COMP491 Assignment HW6: Tech Spikes Preparation
This assignment is worth 30 points and is expected to take about three hours for each individual student, although some parts can be completed in teams. As usual, log activity using your Slack live log.
Students pursuing a research or honors project do complete this assignment. Please consult with the instructor to determine appropriate content for the tech spike in your research project.
Introduction
In agile software development a spike is a small side-project done to test an approach or to learn something new. The goal is to learn enough about the approach or the new topic to inform the work on the main project.
Assignment
In this assignment, you will prepare for a spike to learn more about some key technologies used in your project.
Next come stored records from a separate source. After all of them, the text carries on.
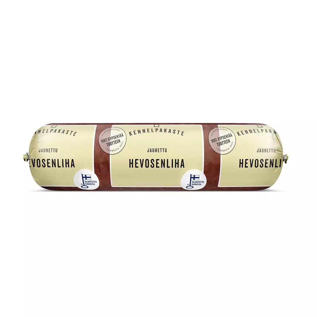 100% luonnollista hevosenlihaa pötkössä. Tuote ei sisällä luuta eikä rustoa, (ei myöskään sisäelimiä) ja voit tarjota lihaa sellaisenaan tai vaikka kypsentää lihapyörykät lemmikillesi.
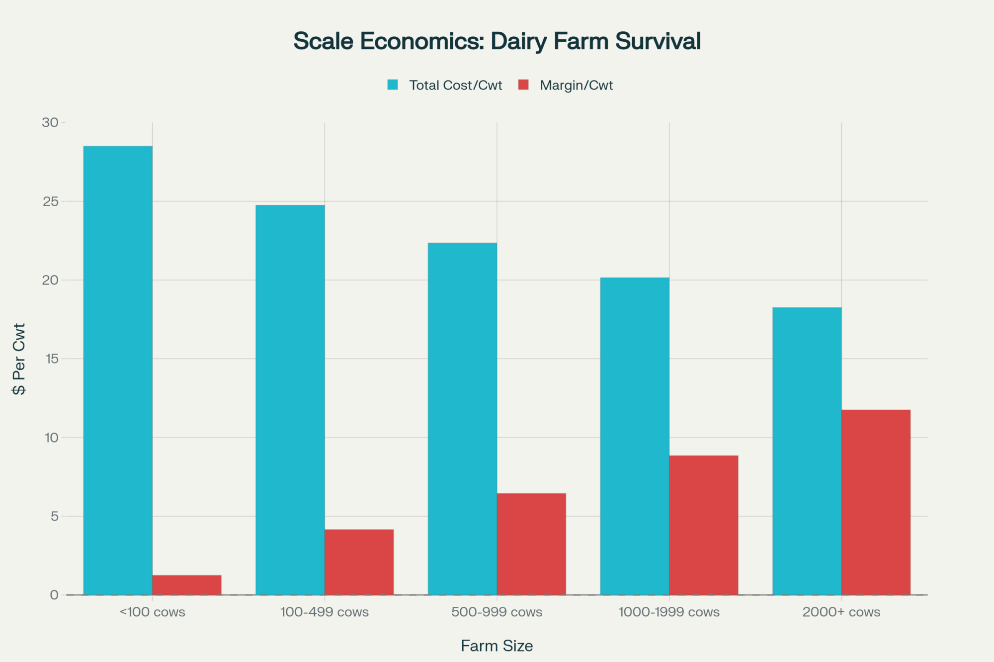 The structural cost disadvantage facing small dairy operations is mathematically insurmountable—no disaster payment can bridge a $23.56/cwt permanent gap when mega-dairies operate at less than half the cost of farms with fewer than 50 cows
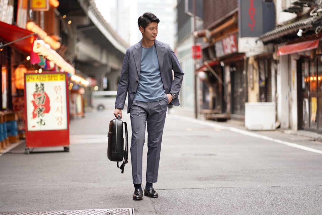 日本製のハイパーストレッチ生地が、アクティブなビジネスマンを支えてくれます。
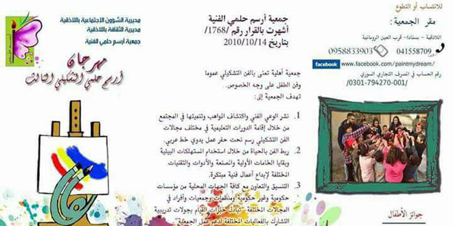 تنطلق غدا بدار الأسد للثقافة فعاليات مهرجان ارسم حلمي التشكيلي الثالث الذي تقيمه جمعية ارسم حلمي الفنية بالتعاون مع مديريتي الشؤون الاجتماعية والثقافة بالمحافظة.
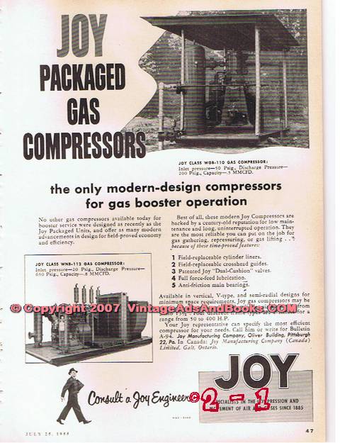 Joy Mfg Company 1955 Vintage Ad Oil Packaged Gas Compressors Booster
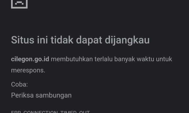 “www.cilegon.go.id membutuhkan terlalu banyak waktu untuk merespons. Coba: periksa sambungan ERR_Connection_Timed_Out,”tulis larangan pada saat membuka akun website resmi cilegon.go.id
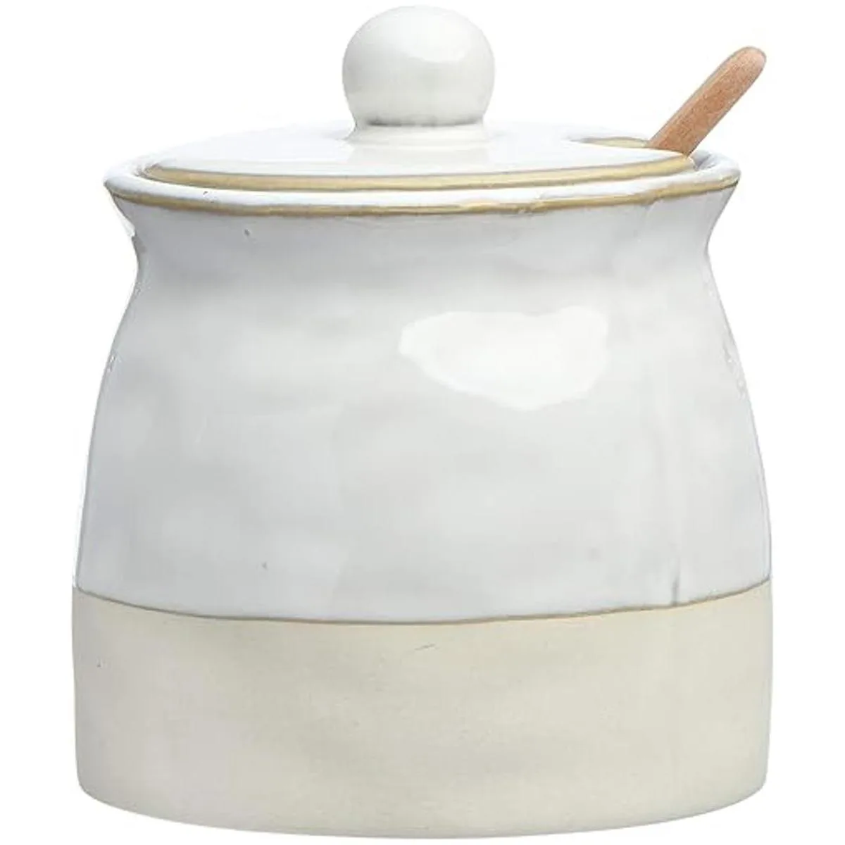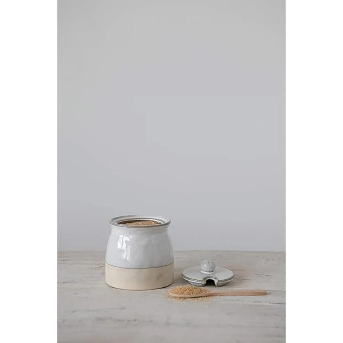 Creative CoOp Olla para tapa de azúcar, color blanco
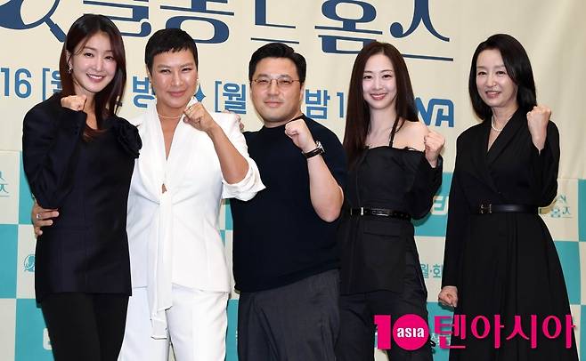 이시영, 정영주, 김다솜, 남기애, 민진기 감독이 16일 서울 마포구 상암 스탠포드호텔에서 열린 ENA 새 월화드라마 <살롱 드 홈즈> 제작발표회에 참석해 포즈를 취하고 있다. 살롱>
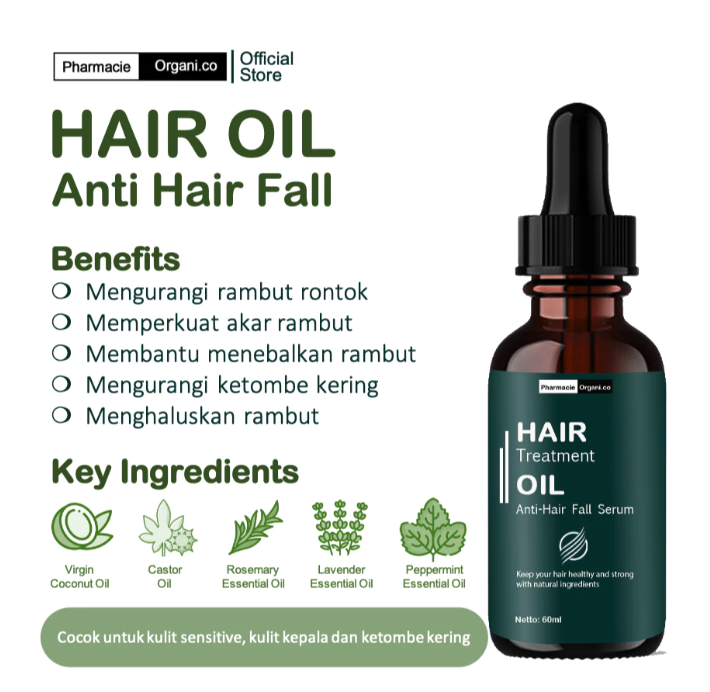 Pharmacie Organi.Co Hair Treatment Oil Anti-Hair Fall Serum merupakan produk dari brand Aroma Sehat Nusantara yang diformulasikan khusus untuk mengatasi masalah rambut rontok dan ketombe. Keunggulan utama serum ini terletak pada kombinasi minyak esensial yang kuat dan terbukti secara ilmiah. Kandungan utamanya meliputi minyak rosemary, lavender, peppermint, serta diperkaya dengan castor oil dan virgin coconut oil. Produk ini juga telah mendapatkan sertifikasi Halal LPPOM MUI, memberikan ketenangan tambahan bagi pengguna muslim.

Specifically, you will:
- analyze your team’s present knowledge and skills as related to your project’s technical requirements;
- identify resources that will help team members begin to fill in missing knowledge and skills.
In the future P1 assignment, you acquire the missing knowledge and skills identified here, then demonstrate the new knowledge and skills in a presentation.
Additional details are given below.
- Concrete steps that you must take are formatted as red bullet points, like this one.
Getting Started
- Create new wiki page named "Tech Spikes", linked from your team's wiki page.
Gap Analysis
A gap analysis is a process that can be used by a business, a team, or an individual to compare their current state to a desired future, and then to set goals to move toward that future. You will use a gap analysis to understand the knowledge skills that your team currently has and the knowledge and skills that you may need to be an effective member of your project’s community. Gap analyses are often performed in a four-step process, as described in this gap analysis template provided by Forbes magazine.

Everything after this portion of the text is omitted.